Variance decomposition and the identification of genes highly contributing to cell-type and/or regional identity
To assess the contribution of a gene to cell-type identity and regional identity, we constructed a sum of UMI in expression matrices with three major cell-type families in the brain (excitatory neurons, inhibitory neurons and astrocytes) along with four brain divisions (telencephalon, diencephalon, mesencephalon and rhombencephalon). The pseudobulk expression was calculated by the sum of gene counts (UMI) for each gene in individual cell-type families. To balance cell number differences, 2,000 cells were randomly selected for each cell-type family in each species. We then used DESeq2 (ref. 102) to normalize library sizes and performed LMM for each gene with the lme4 package106. The restricted maximum likelihood estimators for the random effects of cell-type, regional and residual variance were normalized by their sum to give the variance components (Extended Data Fig. 9c). Genes that contributed >25% of the total variance to cell-type family or regional identity were classified as genes that highly contributed to cell-type signals and regional signals, respectively.
Analysis of the CN
We downloaded human, mouse and chicken CN datasets46. These datasets were further filtered to retain only protein-coding genes and excitatory neurons, which show higher regional variants than inhibitory neurons in the CN. We detected DEGs as described above, using FindAllMarkers with parameters (wilcox, only.pos = TRUE), and only DEGs with log2[fold change] > 0.58 and adjusted P < 0.01 were retained. Scaled average expression was calculated using Seurat AverageExpression82 and then normalized by dividing the expression of each gene by its mean among different cell types.
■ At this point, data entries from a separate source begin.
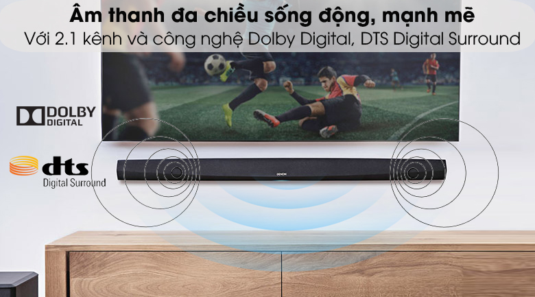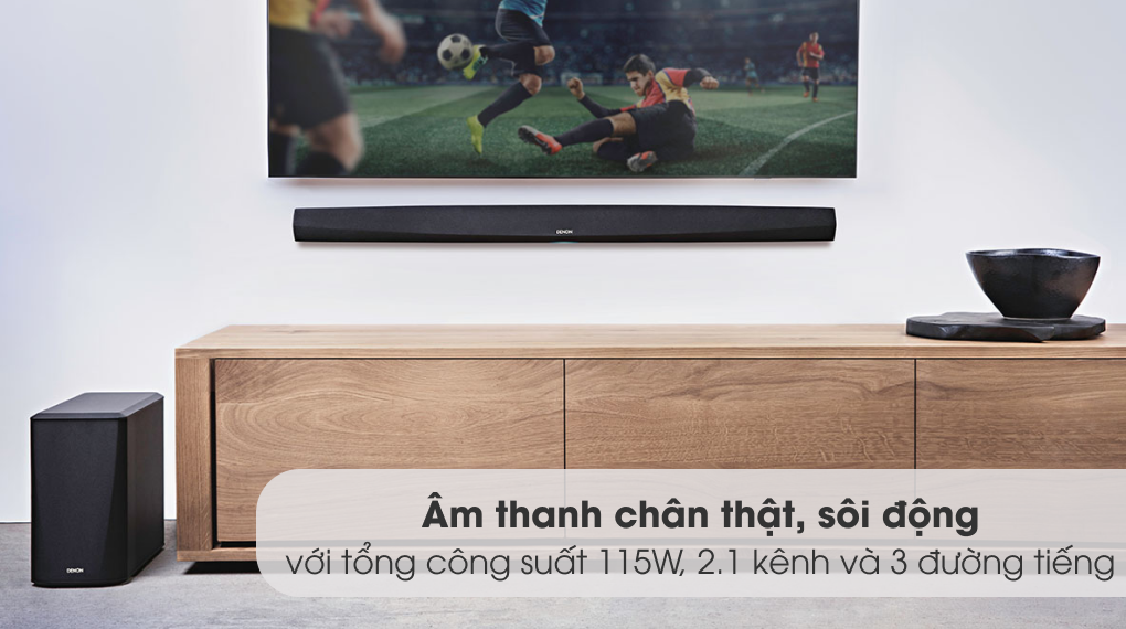 Bộ loa Soundbar Denon S516 nâng tầm không gian sống với thiết kế tinh giản mà sang trọng, không gian âm thanh cuốn hút với công suất 115W, hệ thống 2.1 kênh, 3 đường tiếng cùng một số công nghệ âm thanh như Dolby Digital tạo âm thanh đa chiều, DTS Digital Surround hay Linear PCM âm thanh phát ra chân thực cho trải nghiệm thực tế, kết nối không dây và điều khiển từ xa bằng điện thoại tiện lợi.
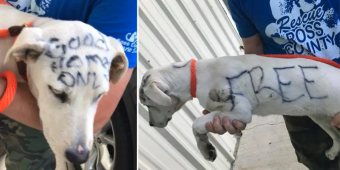 Dog is abandoned in park with “FREE” written on her fur in permanent marker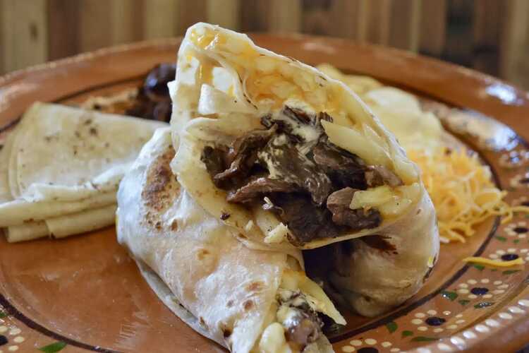 The California burrito consists of carne asada cheddar cheese french fries sour cream and a flour tortilla. Open now 10AM - 9PM.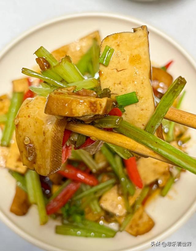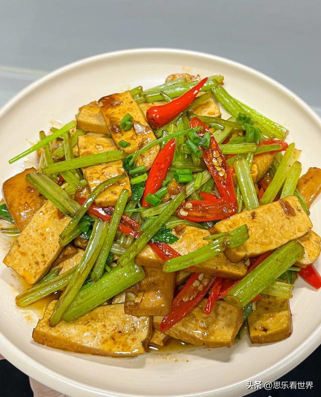 芹菜平肝清热、降压去烦,是经典清肝菜,能疏通肝火、润肠排毒。香干植物蛋白丰富,清淡低脂,护肝又饱腹,适合压力大、易怒、口苦的人日常吃。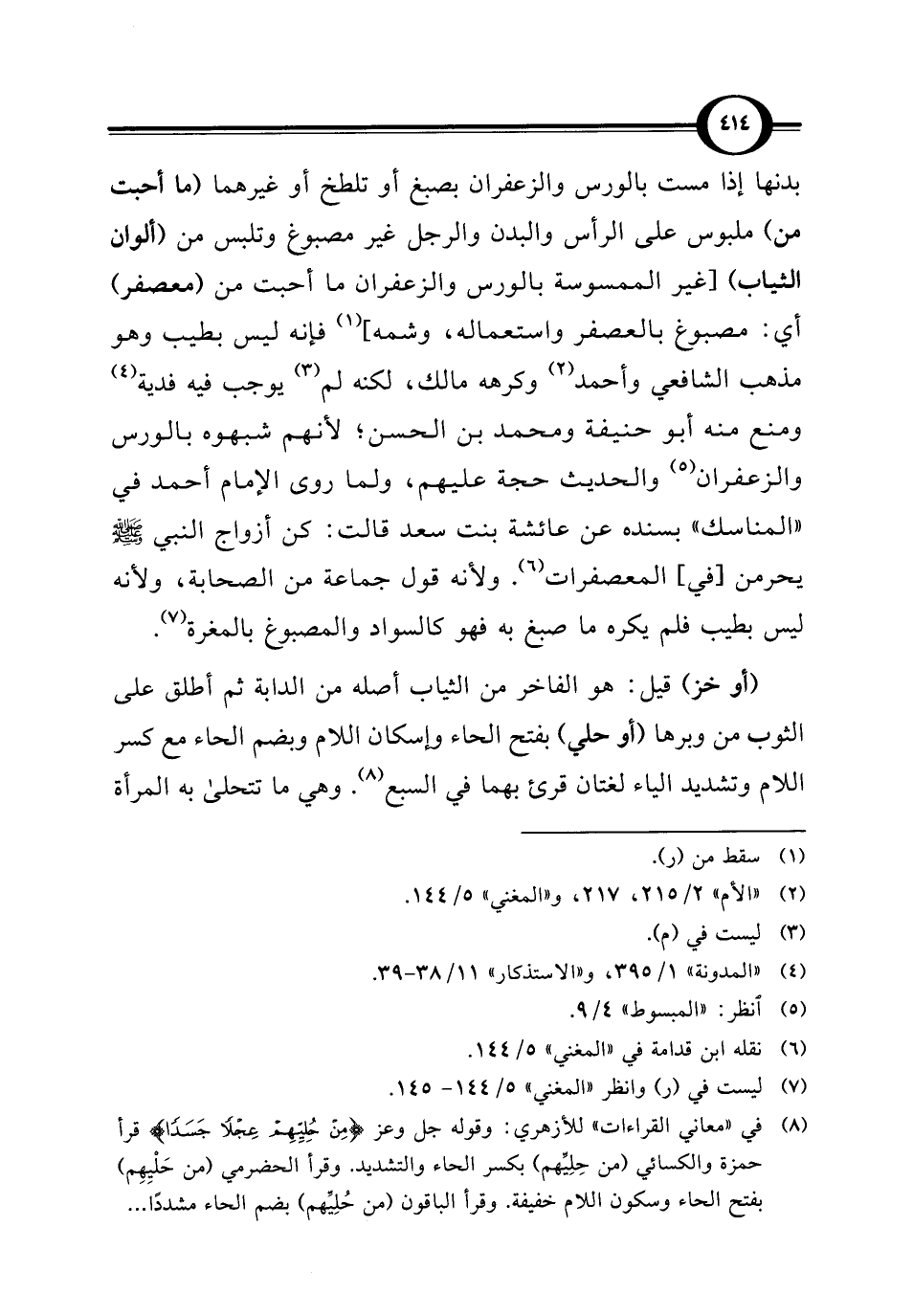 بدنها إذا مست بالورس والزعفران بصبغ أو تلطخ أو غيرهما (ما أحبت من) ملبوس على الرأس والبدن والرجل غير مصبوغ وتلبس من (ألوان الثياب) [غير الممسوسة بالورس والزعفران ما أحبت من (معصفر) أي: مصبوغ بالعصفر واستعماله، وشمه] (¬1) فإنه ليس بطيب وهو مذهب الشافعي وأحمد (¬2) وكرهه مالك، لكنه لم (¬3) يوجب فيه فدية (¬4) ومنع منه أبو حنيفة ومحمد بن الحسن؛ لأنهم شبهوه بالورس والزعفران (¬5) والحديث حجة عليهم، ولما روى الإمام أحمد في "المناسك" بسنده عن عائشة بنت سعد قالت: كن أزواج النبي - صلى الله عليه وسلم - يحرمن [في] المعصفرات (¬6). ولأنه قول جماعة من الصحابة، ولأنه ليس بطيب فلم يكره ما صبغ به فهو كالسواد والمصبوغ بالمغرة (¬7).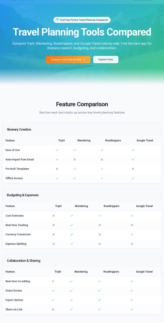 This template features a clean, modern UI with intuitive navigation, high-impact visuals, and a detailed feature-by-feature comparison of TripIt, Wanderlog, Roadtrippers, and Google Travel — focusing on itinerary creation, budgeting, and collaboration.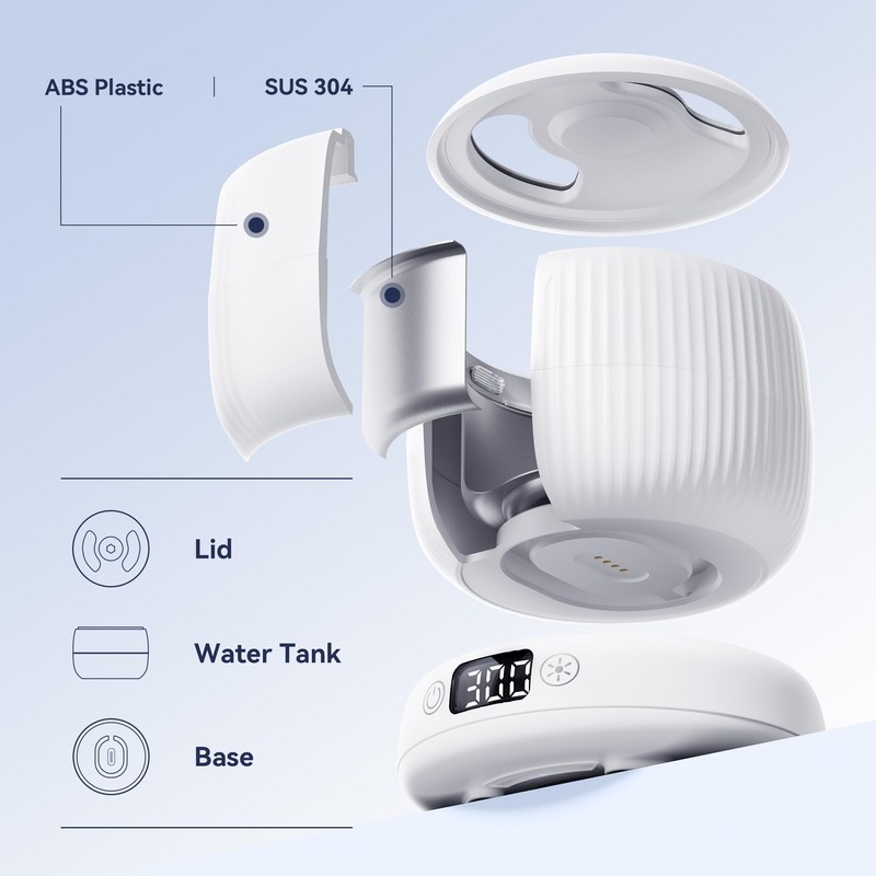 • Usage Tips & Troubleshooting | If the screen displays “000” or “888,” it usually means the copper contact pins between the tank and the base are dirty or misaligned. Please wipe both contact points with a dry cloth before use. To ensure safe and proper operation, always use the original charger, avoid immersing the base in water, and follow the user manual instructions. For detailed guidance, please scan the QR code on the retainer cleaner’s user manual before first use.

The transcriptomic dendrogram was calculated on the basis of scaled average expression of DEGs using pvclust with the following parameters: Spearman’s correlation-based distance 1 – cor() and average linkage with 1,000 bootstrap replicates. Expression profiles were binarized using the Trinarization score, and a gene was considered expressed if it was estimated to be present in at least 20% of the cells, with a posterior error probability of no more than 5%. We used a 20% threshold here rather than the 10% applied in the previous analysis because several documented CN-related TFs showed substantial differential expression with more than 10% cells expressing the gene. For comparisons involving serially homologous structures, such as distinct CN types, a more permissive cutoff was appropriate to avoid excluding biologically meaningful signals. The binarized data were then used to infer ancestral states based on dendrograms using maximum parsimony. Specifically, we used the phangorn package107, converted the binarized expression into phyDat format and applied the ancestral.pars function with the accelerated transform (ACCTRAN) approach to estimate ancestral states and return probability. Genes in each ancestral node were classified as expressed if the probability exceeded 0.5, and as not expressed otherwise. Finally, we identified gene expression gain and loss events along branching points in the tree to identify candidate genes that might be involved in the cell-type duplication and divergence.
Ethics approval
Work with lamprey embryos was approved by the University of Oxford, Department of Zoology Animal Welfare and Ethical Review Board. Ethical review was not required for work with amphioxus.
Reporting summary
Further information on research design is available in the Nature Portfolio Reporting Summary linked to this article.